[REQUIRED ACTION] Would you transcribe the line containing "Schakel dit selectievakje" and every line after it, through the end of the records below, exactly and with nothing else?

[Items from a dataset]
☆ ☆ ☆

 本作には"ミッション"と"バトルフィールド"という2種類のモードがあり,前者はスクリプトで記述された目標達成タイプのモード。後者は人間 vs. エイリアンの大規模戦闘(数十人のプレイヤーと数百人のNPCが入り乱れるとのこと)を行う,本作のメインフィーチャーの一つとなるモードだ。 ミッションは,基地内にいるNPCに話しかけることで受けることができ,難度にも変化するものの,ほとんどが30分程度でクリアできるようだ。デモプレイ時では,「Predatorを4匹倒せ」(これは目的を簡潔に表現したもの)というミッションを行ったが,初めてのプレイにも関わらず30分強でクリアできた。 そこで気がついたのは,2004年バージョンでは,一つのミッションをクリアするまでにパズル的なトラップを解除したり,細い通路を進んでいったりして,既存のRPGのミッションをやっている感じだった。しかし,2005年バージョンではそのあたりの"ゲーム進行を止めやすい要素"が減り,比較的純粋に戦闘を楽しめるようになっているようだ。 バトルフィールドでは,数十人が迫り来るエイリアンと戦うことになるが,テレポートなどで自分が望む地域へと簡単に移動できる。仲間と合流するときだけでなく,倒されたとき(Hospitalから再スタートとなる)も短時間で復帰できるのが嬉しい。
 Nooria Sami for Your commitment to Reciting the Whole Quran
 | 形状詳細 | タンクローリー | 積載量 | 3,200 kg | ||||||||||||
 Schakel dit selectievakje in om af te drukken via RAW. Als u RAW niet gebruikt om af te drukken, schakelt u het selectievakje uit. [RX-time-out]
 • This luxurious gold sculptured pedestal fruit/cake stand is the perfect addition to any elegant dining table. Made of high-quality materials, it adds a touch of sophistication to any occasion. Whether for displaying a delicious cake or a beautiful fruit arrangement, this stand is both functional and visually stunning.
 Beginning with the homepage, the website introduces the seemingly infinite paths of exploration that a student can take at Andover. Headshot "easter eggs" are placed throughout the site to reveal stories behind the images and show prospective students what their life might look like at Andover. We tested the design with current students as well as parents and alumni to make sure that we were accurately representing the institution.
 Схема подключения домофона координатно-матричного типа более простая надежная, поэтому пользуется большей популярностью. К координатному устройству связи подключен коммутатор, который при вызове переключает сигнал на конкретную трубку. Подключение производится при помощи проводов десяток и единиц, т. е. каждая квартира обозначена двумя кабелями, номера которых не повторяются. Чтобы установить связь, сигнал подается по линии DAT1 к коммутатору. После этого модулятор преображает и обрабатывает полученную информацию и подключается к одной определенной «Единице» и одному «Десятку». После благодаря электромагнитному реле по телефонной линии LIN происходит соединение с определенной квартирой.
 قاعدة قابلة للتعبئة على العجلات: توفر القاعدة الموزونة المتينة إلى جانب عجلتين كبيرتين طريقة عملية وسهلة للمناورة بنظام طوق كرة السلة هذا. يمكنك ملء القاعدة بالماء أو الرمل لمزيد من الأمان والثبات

☆ ☆ ☆

[THE COMPLETED TASK]
 Schakel dit selectievakje in om af te drukken via RAW. Als u RAW niet gebruikt om af te drukken, schakelt u het selectievakje uit. [RX-time-out]
 • This luxurious gold sculptured pedestal fruit/cake stand is the perfect addition to any elegant dining table. Made of high-quality materials, it adds a touch of sophistication to any occasion. Whether for displaying a delicious cake or a beautiful fruit arrangement, this stand is both functional and visually stunning.
 Beginning with the homepage, the website introduces the seemingly infinite paths of exploration that a student can take at Andover. Headshot "easter eggs" are placed throughout the site to reveal stories behind the images and show prospective students what their life might look like at Andover. We tested the design with current students as well as parents and alumni to make sure that we were accurately representing the institution.
 Схема подключения домофона координатно-матричного типа более простая надежная, поэтому пользуется большей популярностью. К координатному устройству связи подключен коммутатор, который при вызове переключает сигнал на конкретную трубку. Подключение производится при помощи проводов десяток и единиц, т. е. каждая квартира обозначена двумя кабелями, номера которых не повторяются. Чтобы установить связь, сигнал подается по линии DAT1 к коммутатору. После этого модулятор преображает и обрабатывает полученную информацию и подключается к одной определенной «Единице» и одному «Десятку». После благодаря электромагнитному реле по телефонной линии LIN происходит соединение с определенной квартирой.
 قاعدة قابلة للتعبئة على العجلات: توفر القاعدة الموزونة المتينة إلى جانب عجلتين كبيرتين طريقة عملية وسهلة للمناورة بنظام طوق كرة السلة هذا. يمكنك ملء القاعدة بالماء أو الرمل لمزيد من الأمان والثبات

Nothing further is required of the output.